L’hémorroïdectomie par thermofusion, mise au point depuis 2001 est une évolution
technique dont le but est d’améliorer ces problèmes.
La thermofusion (Ligasure™) utilise l’énergie de la radiofréquence pour obtenir la fusion du
collagène et de l’élastine des tissus et permet ainsi l’oblitération des lumières vasculaires. La
diffusion thermique sur les tissus adjacents est très faible, ce qui diminuerait l’œdème et la
douleur. Son efficacité hémostatique est équivalente à celle d’une ligature manuelle ou d’une
hémostase par clip.
L’instrumentation nécessite un générateur électrochirurgical et une pièce à main (pince
Ligasure hémorroïdes) qui permet la fusion et la section du tissu avec un seul instrument.
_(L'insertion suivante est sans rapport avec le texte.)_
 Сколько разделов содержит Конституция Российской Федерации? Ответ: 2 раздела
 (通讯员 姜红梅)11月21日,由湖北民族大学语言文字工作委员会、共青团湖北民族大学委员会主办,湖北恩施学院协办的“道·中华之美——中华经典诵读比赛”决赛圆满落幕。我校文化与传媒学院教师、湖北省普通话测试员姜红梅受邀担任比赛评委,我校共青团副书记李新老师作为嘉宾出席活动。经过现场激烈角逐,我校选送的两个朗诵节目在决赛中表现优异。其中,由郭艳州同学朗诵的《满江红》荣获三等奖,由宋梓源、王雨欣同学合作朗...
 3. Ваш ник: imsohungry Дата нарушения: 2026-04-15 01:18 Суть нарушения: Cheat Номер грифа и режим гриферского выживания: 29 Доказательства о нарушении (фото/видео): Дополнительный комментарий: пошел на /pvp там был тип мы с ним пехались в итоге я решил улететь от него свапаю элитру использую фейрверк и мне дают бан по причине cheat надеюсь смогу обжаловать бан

Comme dans l’hémorroïdectomie conventionnelle, la thermofusion a pour objectif l’excision
du pédicule hémorroïdaire interne et externe de façon triangulaire et de faire l’hémostase du
pédicule
artériel,
tout
en
respectant
des
ponts
cutanéo-muqueux
intermédiaires
suffisamment larges. Il ne faut pas utiliser le Ligasure pour la découpe cutanée car la
cicatrice cutanée devient fibreuse et comporte un risque de sténose secondaire. Il est
important d’utiliser l’extrémité mousse des mors de la pince pour disséquer le ligament de
Parks et exposer le sphincter interne avant d’appliquer la thermofusion. Il est également
conseillé de réaliser une double thermofusion au niveau du pédicule artériel hémorroïdaire.
La thermofusion permet une dissection exsangue avec un seul et même instrument ce qui
diminue la durée de l’intervention de façon significative dans toutes les études. La réduction
du saignement en peropératoire a pour implication une plus grande facilité du geste
opératoire, et elle n’a pas de conséquence générale.
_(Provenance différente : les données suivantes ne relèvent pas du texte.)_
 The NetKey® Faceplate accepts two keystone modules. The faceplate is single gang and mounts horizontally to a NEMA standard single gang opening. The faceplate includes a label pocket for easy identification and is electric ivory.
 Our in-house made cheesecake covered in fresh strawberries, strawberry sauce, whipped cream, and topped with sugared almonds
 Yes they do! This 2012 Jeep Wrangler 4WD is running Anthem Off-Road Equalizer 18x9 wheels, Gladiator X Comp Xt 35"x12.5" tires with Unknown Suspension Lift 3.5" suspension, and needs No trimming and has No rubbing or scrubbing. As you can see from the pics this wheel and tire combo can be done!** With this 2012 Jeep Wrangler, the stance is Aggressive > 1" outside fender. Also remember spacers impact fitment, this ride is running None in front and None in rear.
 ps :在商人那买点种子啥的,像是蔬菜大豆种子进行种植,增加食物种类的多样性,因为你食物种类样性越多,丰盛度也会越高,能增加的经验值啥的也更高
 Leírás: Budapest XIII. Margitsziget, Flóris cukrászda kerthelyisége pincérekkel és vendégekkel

Le confort postopératoire est amélioré dans la plupart des études qui comparent la
thermofusion à l’hémorroïdectomie conventionnelle. Ce résultat est étayé par 4 métaanalyses qui montrent que la douleur postopératoire des 24 premières heures est moindre.
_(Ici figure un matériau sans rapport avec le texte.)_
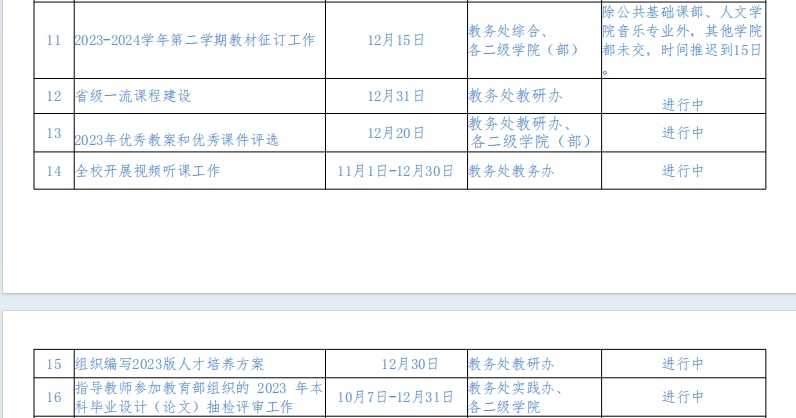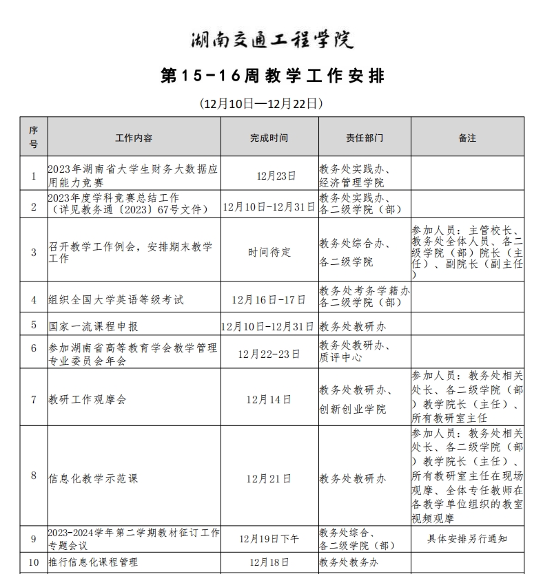 第15-16周教学工作安排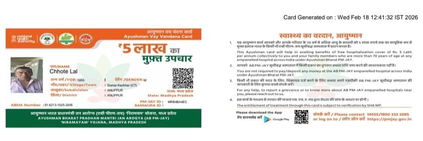 सहित कई समस्याओं के साथ दो समस्याएं बुजुर्गों की भी आयी कि उनका आयुष्मान कार्ड नहीं बना है,जिससे उनको इस योजना का लाभ नहीं मिल पा रहा है, मॉर्निंग वॉक से लौटने के तुरंत बाद कार्यालय के स्टाफ को हितग्राहियों के घर भेज कर 3 से 4 घंटे के अंदर ही 70 वर्ष से ऊपर के बुजुर्गों का आयुष्मान कार्ड बनवाकर उन बुजुर्गों को सौंपा गया।
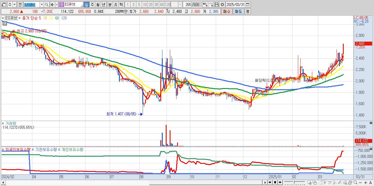 - ES큐브 (2,660원 ▲ 7.26% , 시총: 361억, 거래량: 114,122, 거래대금:3억)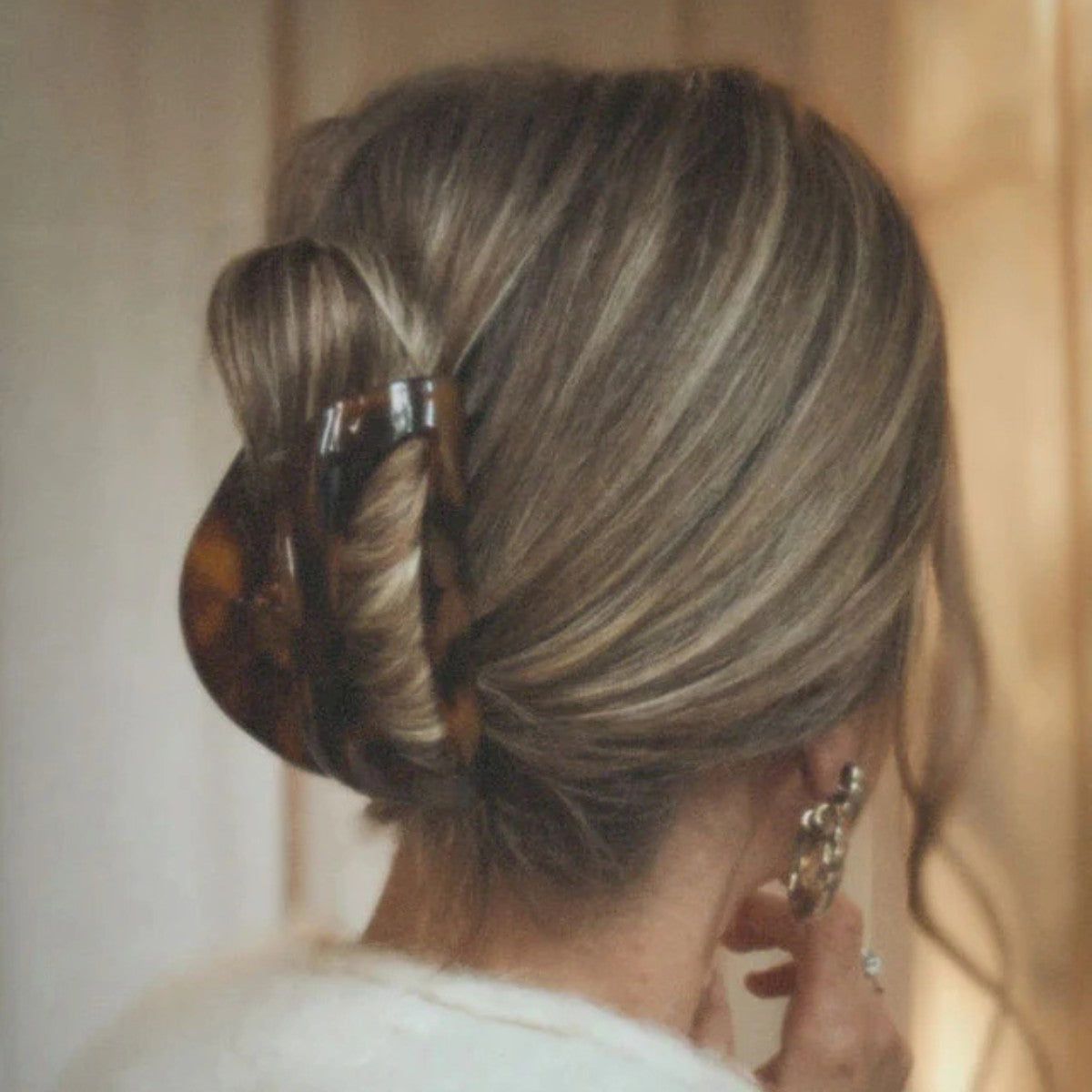 What it is: An elegantly curved French cutout hair claw from Chelsea King in a tortoise shell design.

En revanche, il n’y a pas de différence significative pour la douleur lors de la première selle.
FCC 3 – Place des différentes techniques opératoires dans la maladie
hémorroïdaire
Il n’y a pas de différence avec la technique classique concernant le risque de saignement
postopératoire et de rétention d’urines. En ce qui concerne la durée d’hospitalisation, les
méta-analyses ne montrent pas de différence mais la durée d’hospitalisation dépend souvent
de paramètres autres que la qualité du geste chirurgical et notamment de modalités
organisationnelles. Les résultats sont discordants en termes de délai de cicatrisation (deux
études positives et deux études négatives à l’heure actuelle). Le risque de sténose
cicatricielle a été décrit au début de la technique, du fait de son utilisation pour la dissection
du plan cutané, ce qui n’est pas recommandé.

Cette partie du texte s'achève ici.